There was no handsomeness, no beauty, no one walked upright, no one had good posture. There was nothing to look at — although it was impossible to shut one’s eyes — except the tumbled kaleidoscopic variations of warted deformity. This was one reason, Ellerbee supposed, that there was so little conversation in Hell. No one could stand to look at anyone else long enough. Occasionally two or three — lost souls? gargoyles? devils? demons? — of the damned, jumping about in the heat first on one foot then the other, would manage to stand with their backs to each other and perhaps get out a few words — a foul whining. But even this was rare and when it happened that a sufferer had the attention of a fellow sufferer he could howl out only a half-dozen or so words before breaking off in a piercing scream.

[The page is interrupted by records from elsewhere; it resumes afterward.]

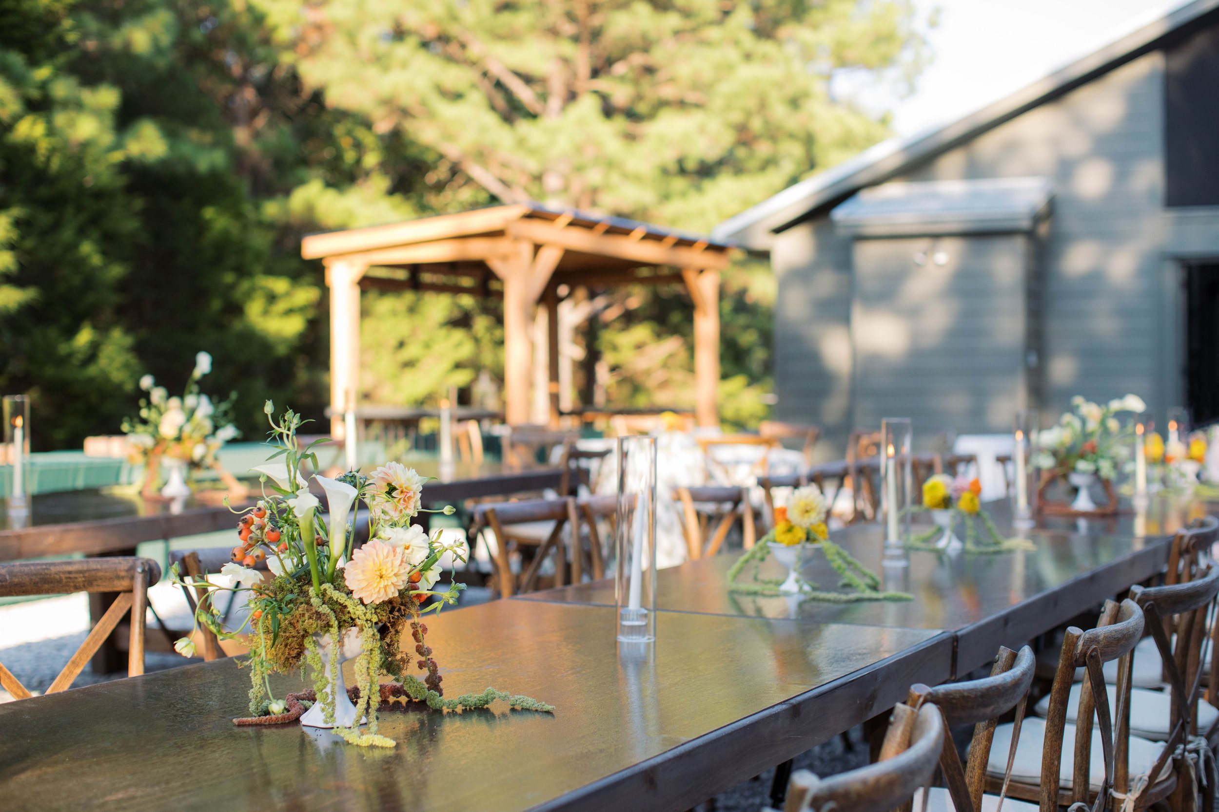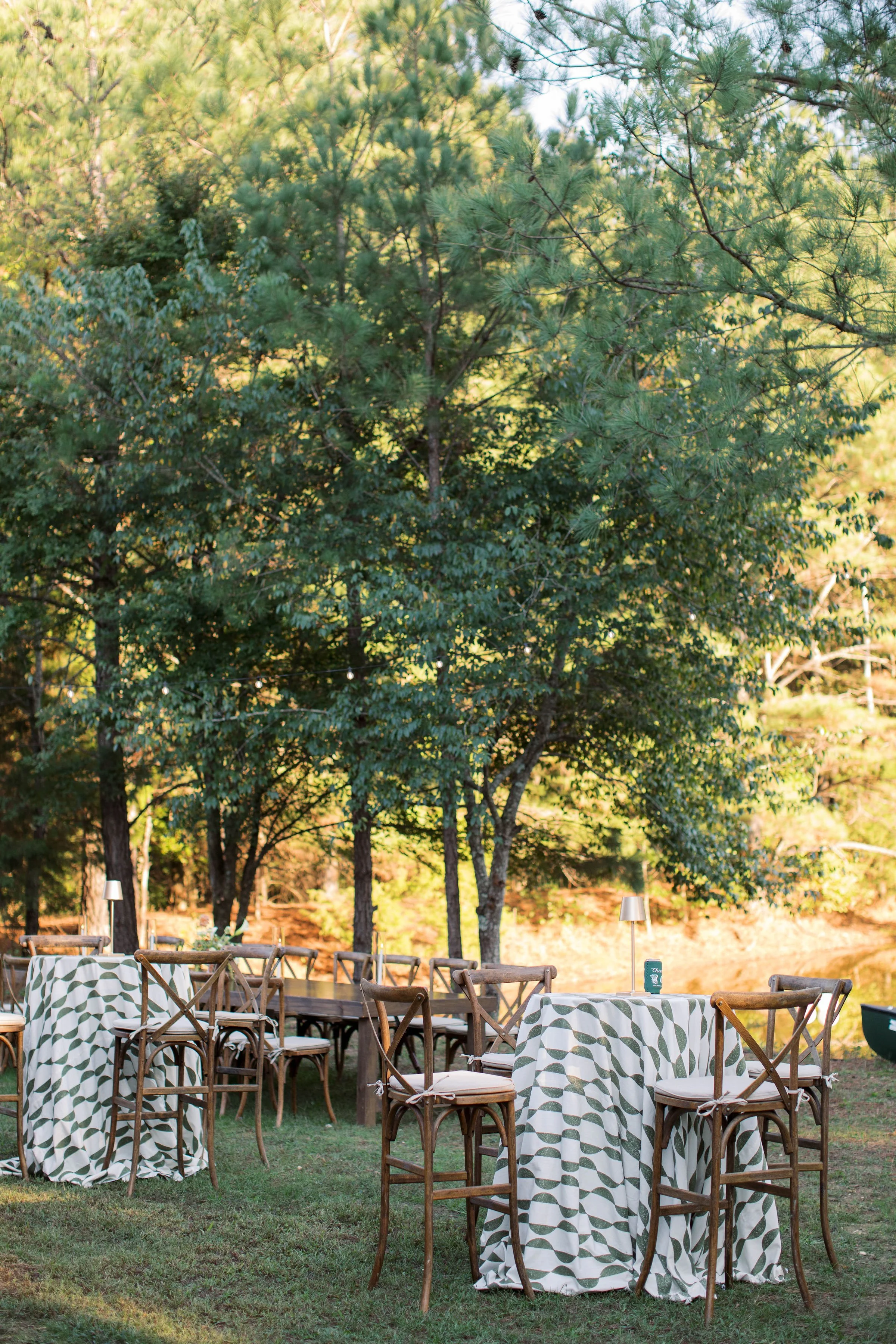 This outdoor wedding was magical. From the custom bar, soft lighting, intentional seating, & beautiful linens nothing could have made this more perfect!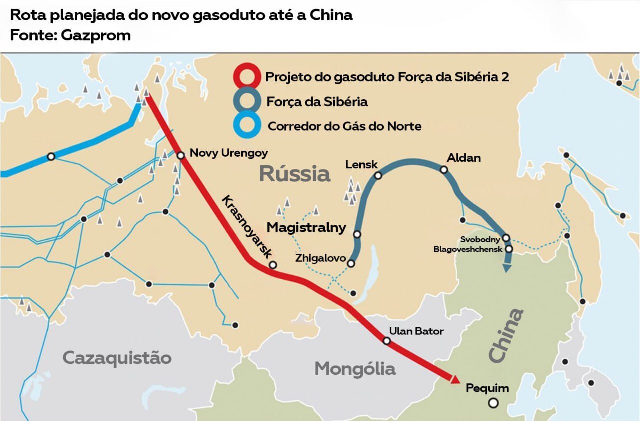 O presidente russo, Vladimir Putin, e o presidente chinês, Xi Jinping, planejam acelerar o projeto de construção do gasoduto Força da Sibéria-2 ("Sila Sibiri-2" no original em russo), afirmou o primeiro-ministro russo, Alexander Novak, à imprensa depois que os dois líderes se reuniram no Kremlin nesta quinta-feira (8).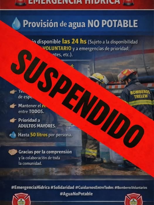 Los Bomberos Voluntarios de Trelew, y ante la seguidilla de incendios de pastizales, se vieron en la obligación de suspender este jueves y viernes, la entrega de agua a diversas instituciones en medio de la emergencia hídrica para priorizar la seguridad de la comunidad.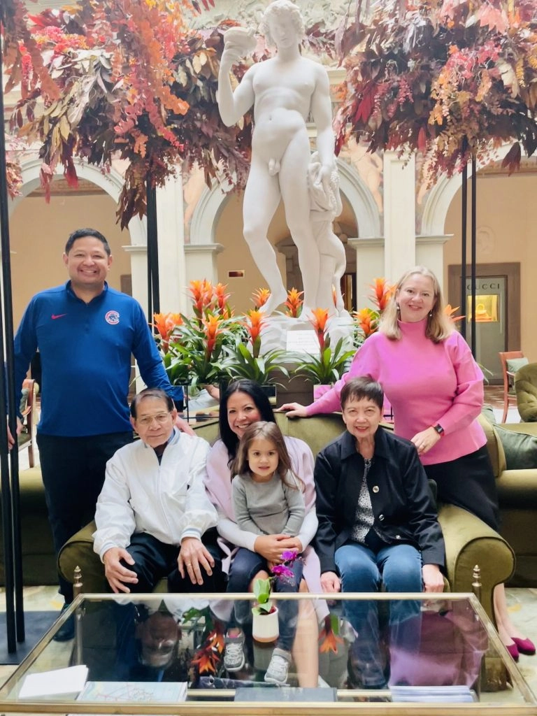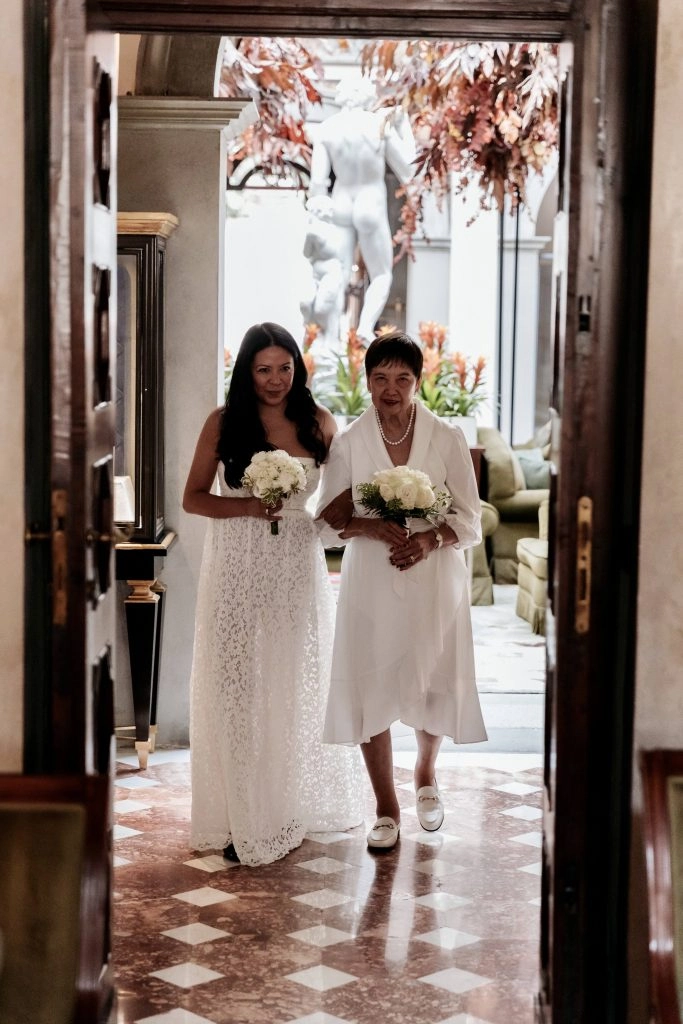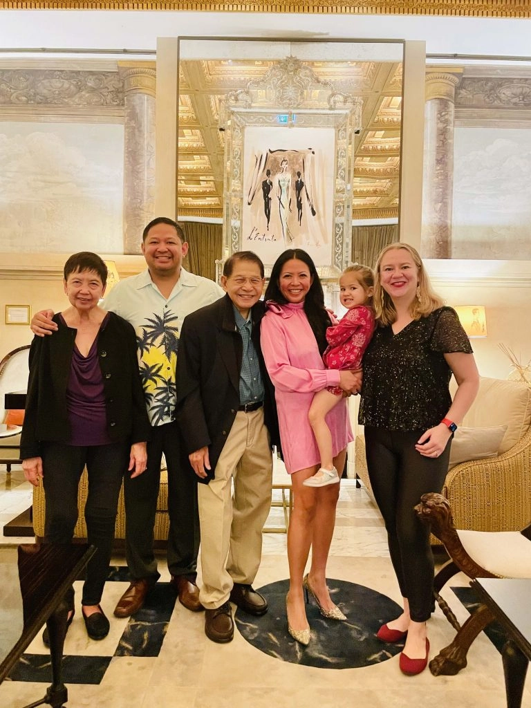 On the 50th-anniversary date of 11/11/22, my brother, my sister-in-law Neringa, and I arranged for my parents to renew their vows at the Four Seasons. My mother wore an old brooch from her best friend, a new wedding dress, borrowed shoes from me, and a blue ribbon in her bouquet. She was a beautiful, glowing bride at 81 years young. There was something profoundly touching to see two people who make it through 50 years of life together renew their vows. To our family’s relief, they re-upped for another 50.
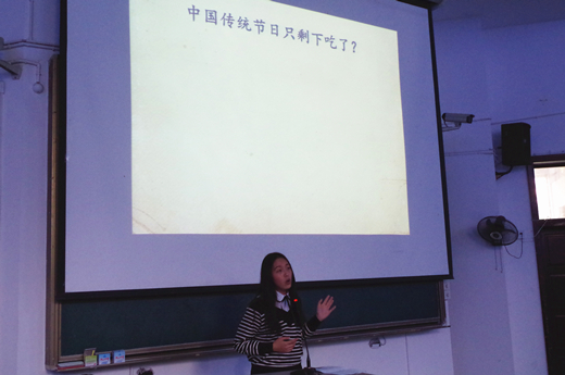 第一位出場(chǎng)的李茁瑩圍繞“如何過(guò)好傳統(tǒng)節(jié)日”這個(gè)話題展開(kāi)了講述。通過(guò)對(duì)比當(dāng)代人與古人對(duì)待傳統(tǒng)節(jié)日的態(tài)度以及身邊的一些細(xì)小例子,李茁瑩指出了我們現(xiàn)代生活中大部分人對(duì)待傳統(tǒng)節(jié)日存在著“敷衍”的這個(gè)事實(shí)現(xiàn)象。

Ellerbee, constantly nauseated, eternally in pain, forever befouling himself, longed to find something to do, however tedious or make-work or awful. For a time he made paths through the smoldering cinders, but he had no tools and had to use his bare feet, moving the cinders to one side as a boy shuffles through fallen leaves hunting something lost. It was too painful. Then he thought he would make channels for the vomit and excrement and blood. It was too disgusting. He shouted for others to join him in work details—“Break up the fights, pile up the scabs”—even ministering to the less aggravated wounds, using his hands to wipe away the gangrenous drool since there was no fabric in Hell, all clothing consumed within minutes of arrival, flesh alone inconsumable, glowing and burning with his bones slow as phosphor. Calling out, suggesting in screams which may have been incoherent, all manner of pointless, arbitrary arrangements — that they organize the damned, that they count them. Demanding that their howls be synchronous.
No one stopped him. No one seemed to be in charge. He saw, that is, no Devil, no Arch-fiend. There were demons with cloven feet and scaly tails, with horns and pitchforks — They actually have horns, Ellerbee thought, there are actually pitchforks — but these seemed to have no more authority than he had himself, and when they were piqued to wrath by their own torment the jabs they made at the human damned with their sharp arsenal were no more painful — and no less — than anything else down there.